Dataset extract:
————

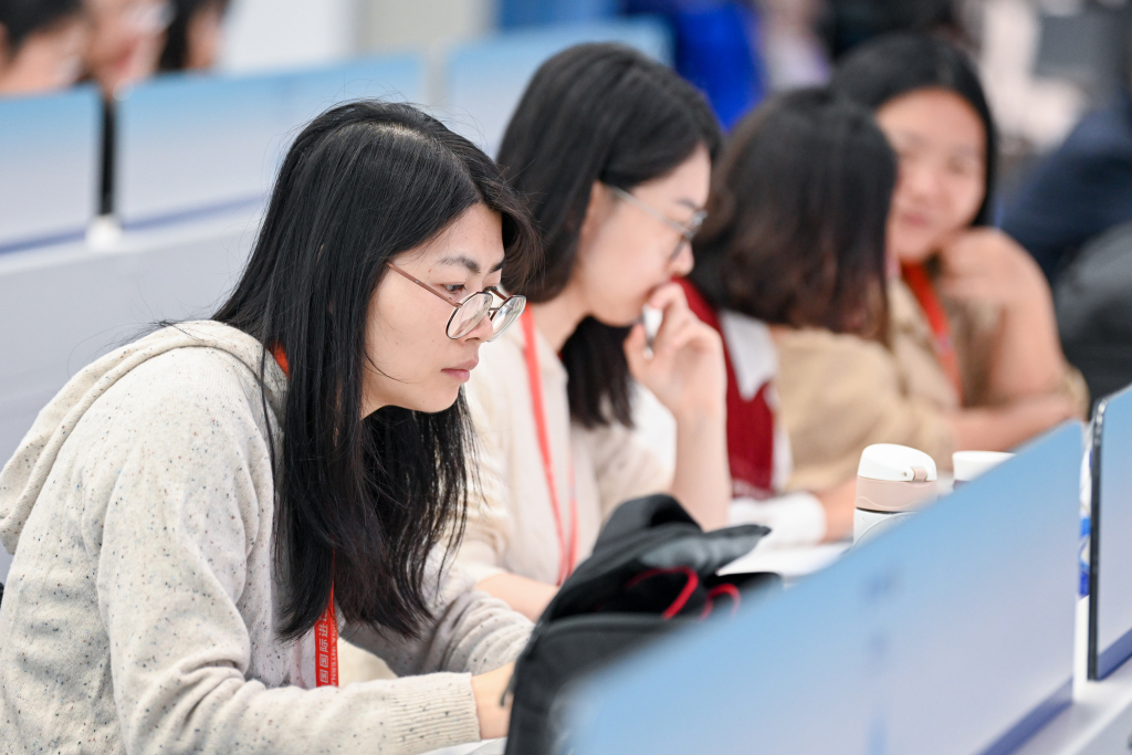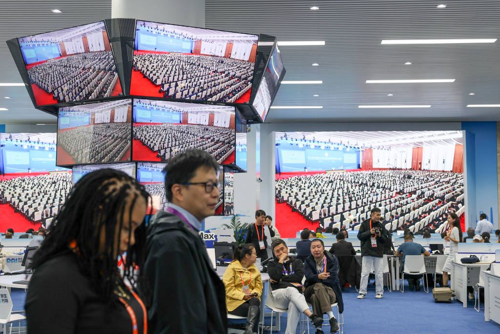 2025年11月5日,第八届进博会在国家会展中心(上海)开幕,中外媒体记者在新闻中心聚焦进博会开幕式。澎湃新闻记者 朱伟辉 图
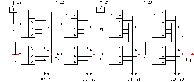Същата идея (за ускорен последователен пренос) е реализирана и в други интегрални схеми - например в схемата 7482, представляваща двуразряден двоичен суматор. В тази схема входът за пренос от по-младшия разряд е инверсен. Казаното се отнася и за ИС на 4-разрядния суматор 7483.
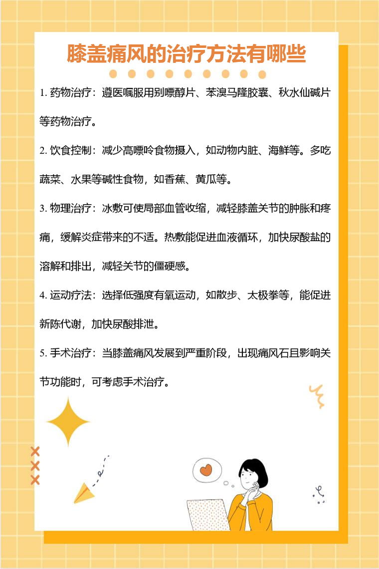 膝盖痛风的治疗方法有药物治疗、饮食控制、物理治疗、运动疗法、手术治疗等。
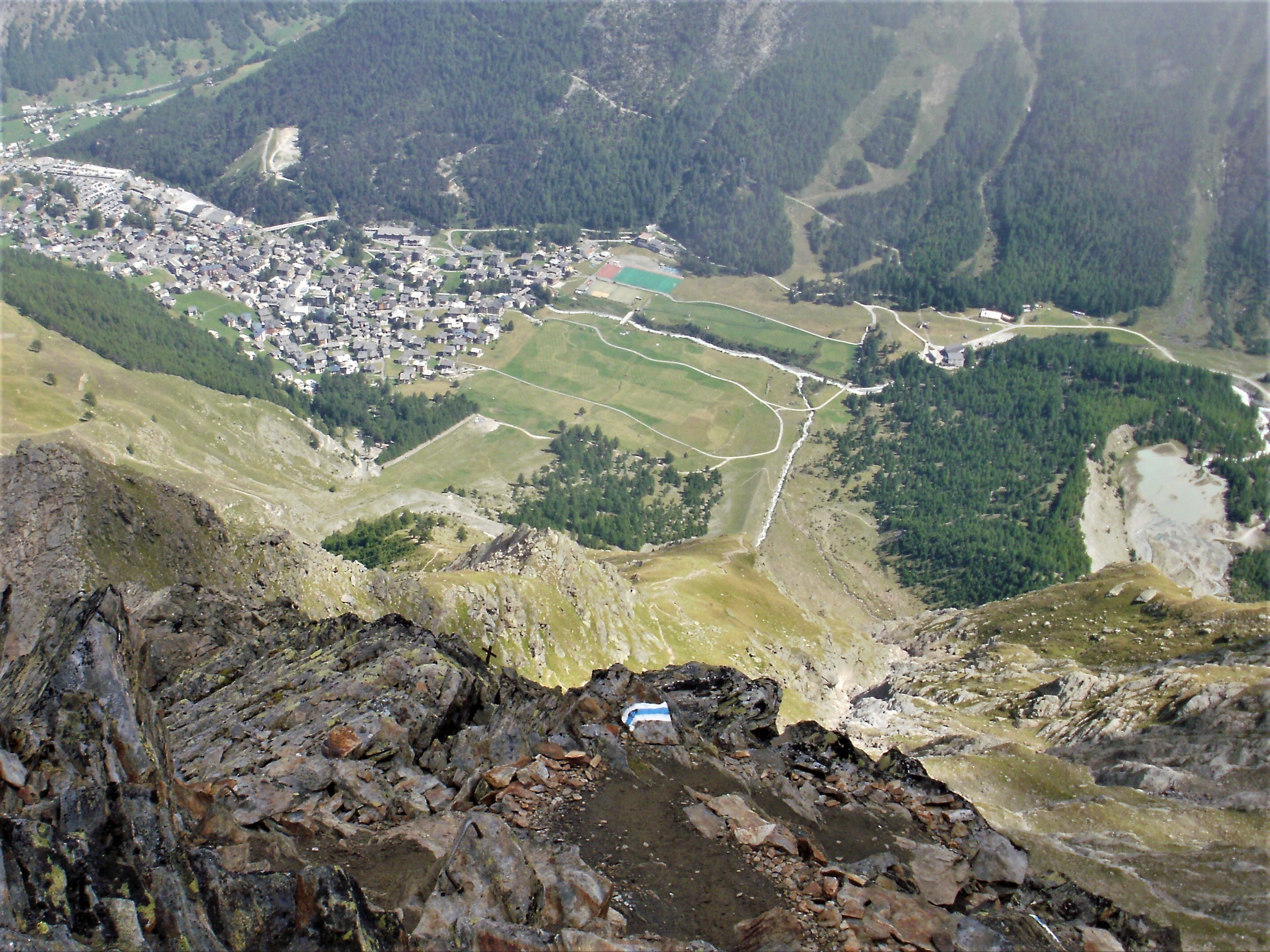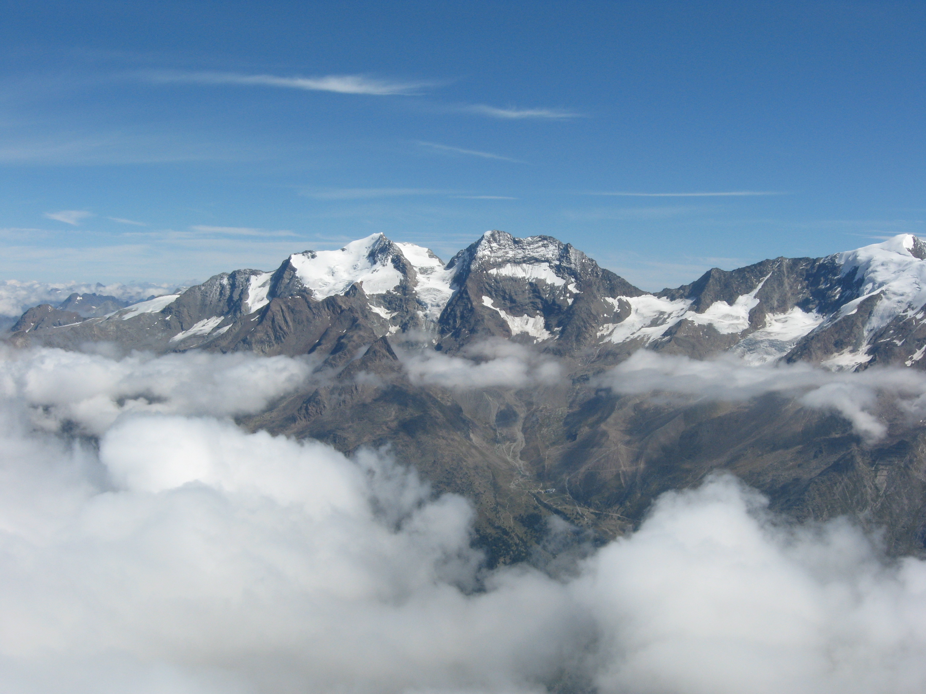 Hacia la vertiente opuesta, tenemos en primer plano la cumbre bicéfala del Balfrin. Al fondo distinguimos la cadena de los Alpes Berneses, con los grandes Finsteraarhorn y Aletschhorn bien distinguibles.

————

Would you retype the listing above exactly, omitting its pictures?

Completed exercise:
 2025年11月5日,第八届进博会在国家会展中心(上海)开幕,中外媒体记者在新闻中心聚焦进博会开幕式。澎湃新闻记者 朱伟辉 图
Същата идея (за ускорен последователен пренос) е реализирана и в други интегрални схеми - например в схемата 7482, представляваща двуразряден двоичен суматор. В тази схема входът за пренос от по-младшия разряд е инверсен. Казаното се отнася и за ИС на 4-разрядния суматор 7483.
 膝盖痛风的治疗方法有药物治疗、饮食控制、物理治疗、运动疗法、手术治疗等。
 Hacia la vertiente opuesta, tenemos en primer plano la cumbre bicéfala del Balfrin. Al fondo distinguimos la cadena de los Alpes Berneses, con los grandes Finsteraarhorn y Aletschhorn bien distinguibles.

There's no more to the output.